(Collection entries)
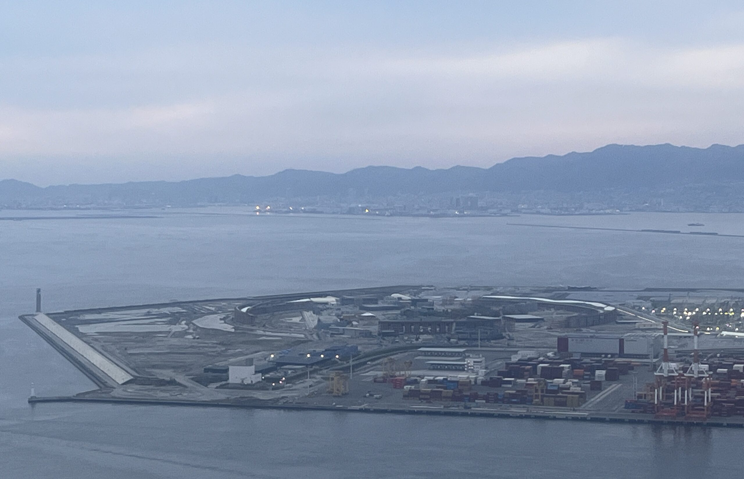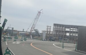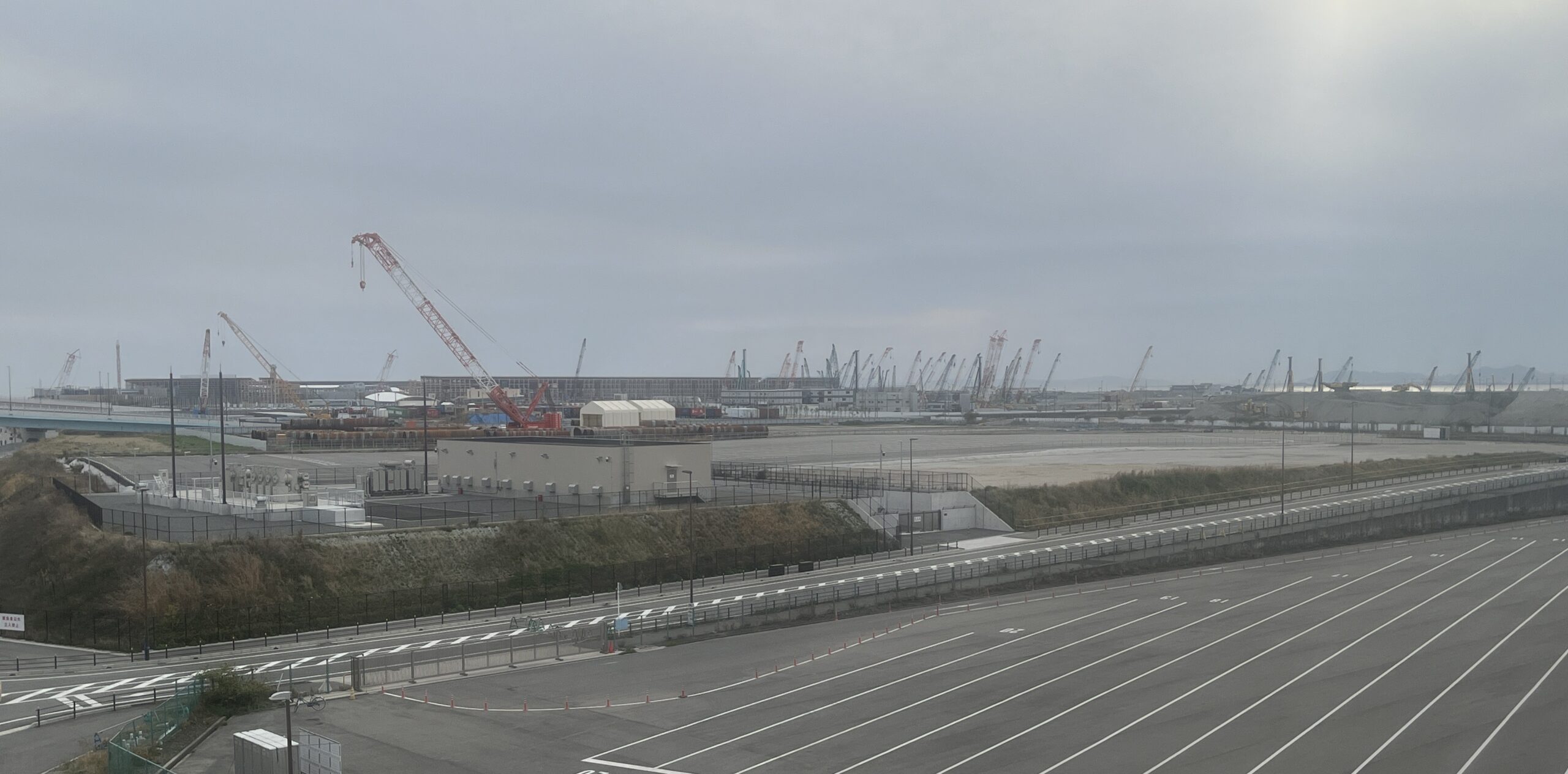 さて、道路に戻りましょう。大屋根リングの解体がより広範囲にわたって確認できたほか、会場跡地に隣接しているエリアで進められているIR(統合型リゾート)の工事も確認できました。帰る途中で立ち寄った、咲州にある高さ256mのさきしまコスモスタワーからも、夢洲での工事の全体像がよく見えました。
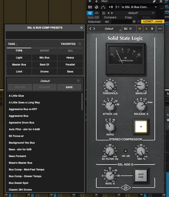 만일 어떤 방향으로 G Comp를 사용해야 할지 어렵다고 느낀다면 적극적으로 프리셋을 사용해 보자. UADx SSL G Bus Compressor에는 다른 UADx 악기 이펙터와 마친가지로 프리셋 브라우저 및 A/B 설정 전환 모드가 있어 원하는 프리셋을 한 번의 클릭으로 비교할 수 있다. 내장되어 있는 프리셋 윈도우는 프리셋 별 Type 및 프리셋을 만든 아티스트별로 모아서 볼 수 있는데, 기능이 꽤 막강하다. 마음에 드는 프리셋에 "Favorite" 표시를 할 수 있어 나중에 마음에 든 프리셋을 모아서 따로 볼 수 있다.
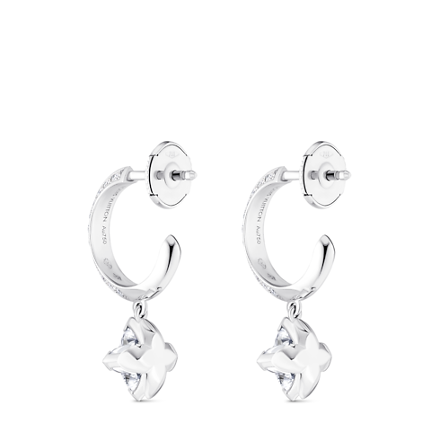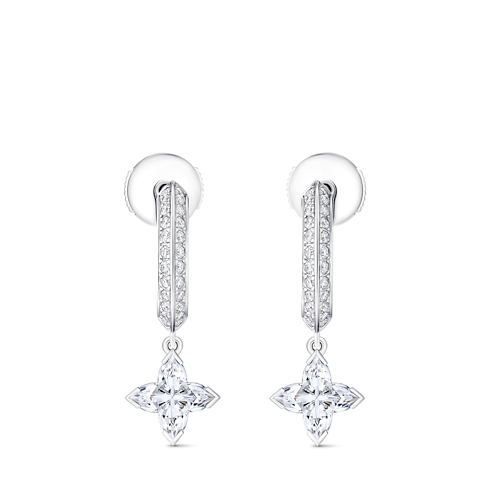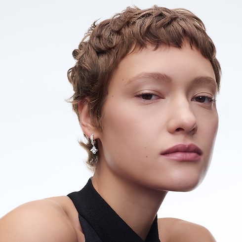 Khuyên tai LV Diamonds Pavé tôn vinh nghệ thuật chế tác trang sức tinh xảo của Maison. Được chế tác từ vàng trắng 18K, mẫu khuyên tai này nổi bật với viên kim cương LV Monogram Star biểu tượng, kết hợp các viên kim cương tròn lấp lánh. Thiết kế bao quanh viên đá chủ lấy cảm hứng từ những bông hoa cách điệu của họa tiết Monogram quen thuộc. Sản phẩm tinh nghịch, dễ dàng biến tấu này là món quà ý nghĩa, xứng đáng được trân trọng theo năm tháng.
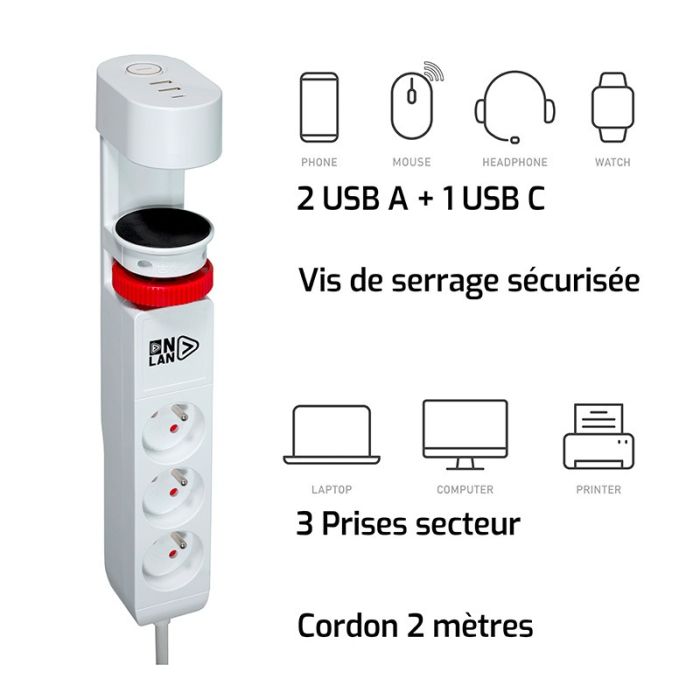 Elle permet de rassembler différents appareils et de les brancher sur une seule prise électrique. Elle s'avère indispensable dans un bureau, sur un plan de travail de cuisine ou encore dans un salon. Autant d'espaces qui réunissent plusieurs équipements au même endroit (écran de PC, unité centrale et imprimante pour le bureau par exemple).
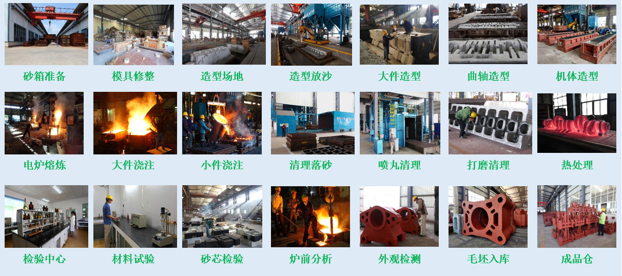 公司主要铸造产品有船用大型柴油机、大型注塑机、大型水泵、大型加工机械等系列铸件。年生产能力3万吨,以球墨铸铁、灰口铸铁和蠕墨铸铁为主,生产球墨铸铁件最大单件铸件重量50吨。公司拥有较强的、反应快速的研发、生产能力。
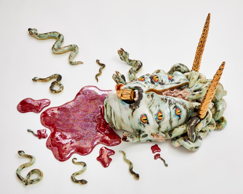 Jackson’s “Medusa” exemplifies this. “The very quick interpretation is that she is a monster. The truth behind it is that she’s a rape victim that was cursed by Athena because she was jealous of her beauty,” Jackson tells us. Reframing Medusa in shiny mystical glaze and with unicorn horns—a rendering that combines Jackson’s love for horror and science fiction—questions perceptions about who is really in the right and wrong.
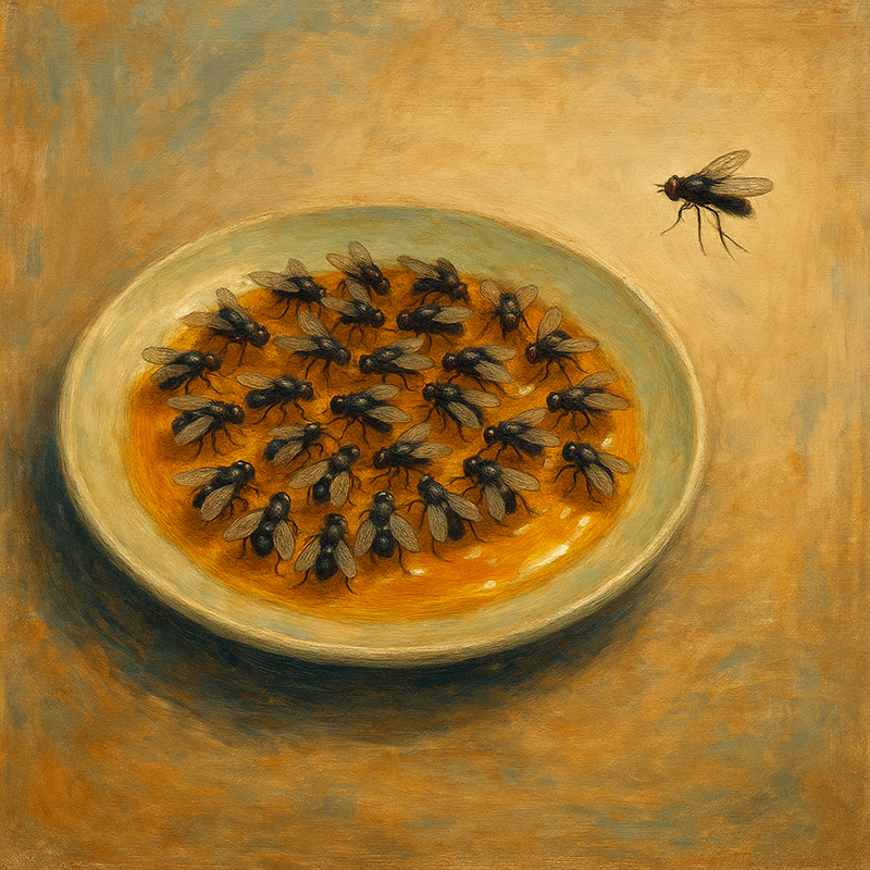 Había una vez un plato con miel. Brillaba al sol, dulce, irresistible. Poco a poco comenzaron a llegar las moscas. Una, dos, tres… decenas. Se posaban sobre la miel, atraídas por su olor y su brillo, y una a una quedaban atrapadas. Al principio agitaban las alas, intentando liberarse, pero la miel las sujetaba con suavidad mortal.
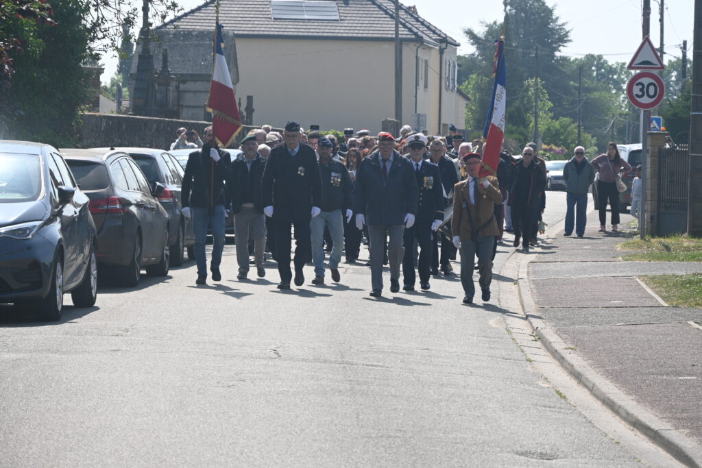 Après la célébration et lecture de discours du Maire et du Ministre des armées, retour place de la mairie.
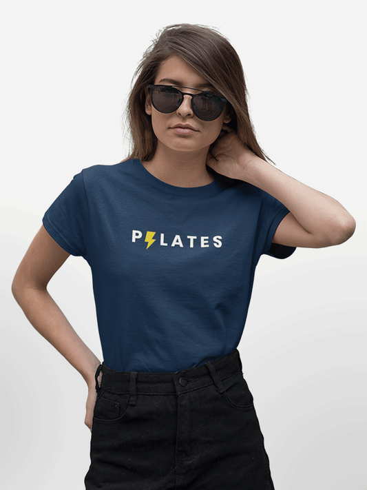 Pilates Vertical- Navy Blue Round Neck Women's Pilates T-shirt
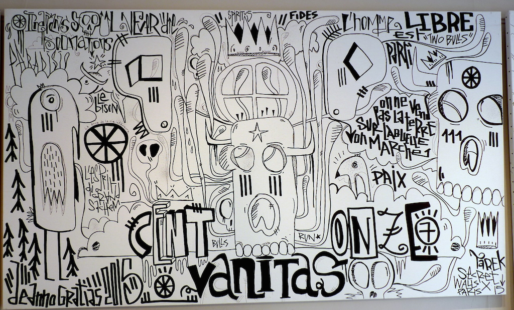 Les deux toiles réalisées lors de Secret Walls 2015 : « Vanitas » (Poca sur toile, 159×120 cm) et « People or animalz ! » (Poca sur toile, 159×120 cm).
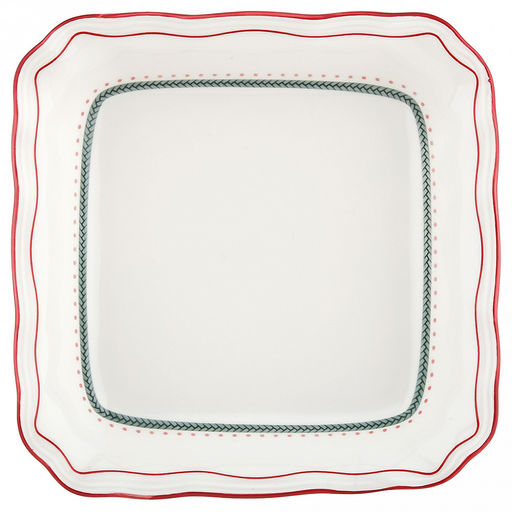 "Карельская брусника" Тарелка глубокая фарфоровая 190х190х40мм, 590мл, с деколью, квадратная, отводка, волнистый край, белый (Китай)
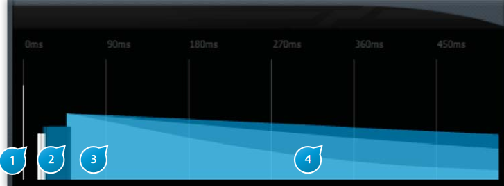 The grey bar at the start of the reverberation pictogram represents the direct sound send at the input of the plug-in. In the time structure of the reverberation, it is the first element that is heard.
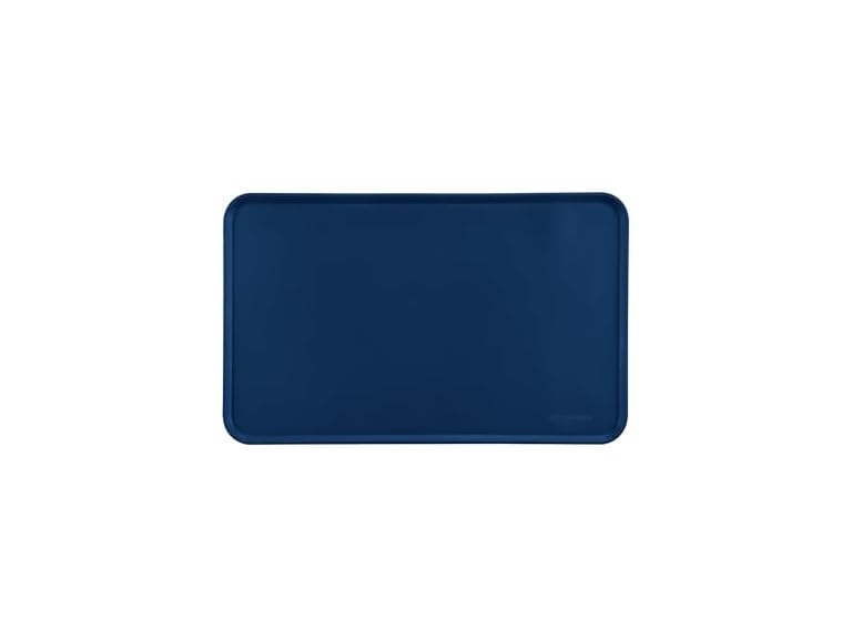 - (1) Amazon Basics Waterproof Non-Slip Silicone Pet Feeding Mat with Raised Edges, Prevents Spills, Easy to Clean, Protects Floors for Cat & Dog Food and Water Bowls, 18.5 x 11.5 Inches, Blue

Instructions to follow: Each line of the data should be printed again exactly. Please leave pictures out.

Exercise response:
 さて、道路に戻りましょう。大屋根リングの解体がより広範囲にわたって確認できたほか、会場跡地に隣接しているエリアで進められているIR(統合型リゾート)の工事も確認できました。帰る途中で立ち寄った、咲州にある高さ256mのさきしまコスモスタワーからも、夢洲での工事の全体像がよく見えました。
 만일 어떤 방향으로 G Comp를 사용해야 할지 어렵다고 느낀다면 적극적으로 프리셋을 사용해 보자. UADx SSL G Bus Compressor에는 다른 UADx 악기 이펙터와 마친가지로 프리셋 브라우저 및 A/B 설정 전환 모드가 있어 원하는 프리셋을 한 번의 클릭으로 비교할 수 있다. 내장되어 있는 프리셋 윈도우는 프리셋 별 Type 및 프리셋을 만든 아티스트별로 모아서 볼 수 있는데, 기능이 꽤 막강하다. 마음에 드는 프리셋에 "Favorite" 표시를 할 수 있어 나중에 마음에 든 프리셋을 모아서 따로 볼 수 있다.
 Khuyên tai LV Diamonds Pavé tôn vinh nghệ thuật chế tác trang sức tinh xảo của Maison. Được chế tác từ vàng trắng 18K, mẫu khuyên tai này nổi bật với viên kim cương LV Monogram Star biểu tượng, kết hợp các viên kim cương tròn lấp lánh. Thiết kế bao quanh viên đá chủ lấy cảm hứng từ những bông hoa cách điệu của họa tiết Monogram quen thuộc. Sản phẩm tinh nghịch, dễ dàng biến tấu này là món quà ý nghĩa, xứng đáng được trân trọng theo năm tháng.
 Elle permet de rassembler différents appareils et de les brancher sur une seule prise électrique. Elle s'avère indispensable dans un bureau, sur un plan de travail de cuisine ou encore dans un salon. Autant d'espaces qui réunissent plusieurs équipements au même endroit (écran de PC, unité centrale et imprimante pour le bureau par exemple).
 公司主要铸造产品有船用大型柴油机、大型注塑机、大型水泵、大型加工机械等系列铸件。年生产能力3万吨,以球墨铸铁、灰口铸铁和蠕墨铸铁为主,生产球墨铸铁件最大单件铸件重量50吨。公司拥有较强的、反应快速的研发、生产能力。
 Jackson’s “Medusa” exemplifies this. “The very quick interpretation is that she is a monster. The truth behind it is that she’s a rape victim that was cursed by Athena because she was jealous of her beauty,” Jackson tells us. Reframing Medusa in shiny mystical glaze and with unicorn horns—a rendering that combines Jackson’s love for horror and science fiction—questions perceptions about who is really in the right and wrong.
 Había una vez un plato con miel. Brillaba al sol, dulce, irresistible. Poco a poco comenzaron a llegar las moscas. Una, dos, tres… decenas. Se posaban sobre la miel, atraídas por su olor y su brillo, y una a una quedaban atrapadas. Al principio agitaban las alas, intentando liberarse, pero la miel las sujetaba con suavidad mortal.
 Après la célébration et lecture de discours du Maire et du Ministre des armées, retour place de la mairie.
 Pilates Vertical- Navy Blue Round Neck Women's Pilates T-shirt
 Les deux toiles réalisées lors de Secret Walls 2015 : « Vanitas » (Poca sur toile, 159×120 cm) et « People or animalz ! » (Poca sur toile, 159×120 cm).
 "Карельская брусника" Тарелка глубокая фарфоровая 190х190х40мм, 590мл, с деколью, квадратная, отводка, волнистый край, белый (Китай)
 The grey bar at the start of the reverberation pictogram represents the direct sound send at the input of the plug-in. In the time structure of the reverberation, it is the first element that is heard.
 - (1) Amazon Basics Waterproof Non-Slip Silicone Pet Feeding Mat with Raised Edges, Prevents Spills, Easy to Clean, Protects Floors for Cat & Dog Food and Water Bowls, 18.5 x 11.5 Inches, Blue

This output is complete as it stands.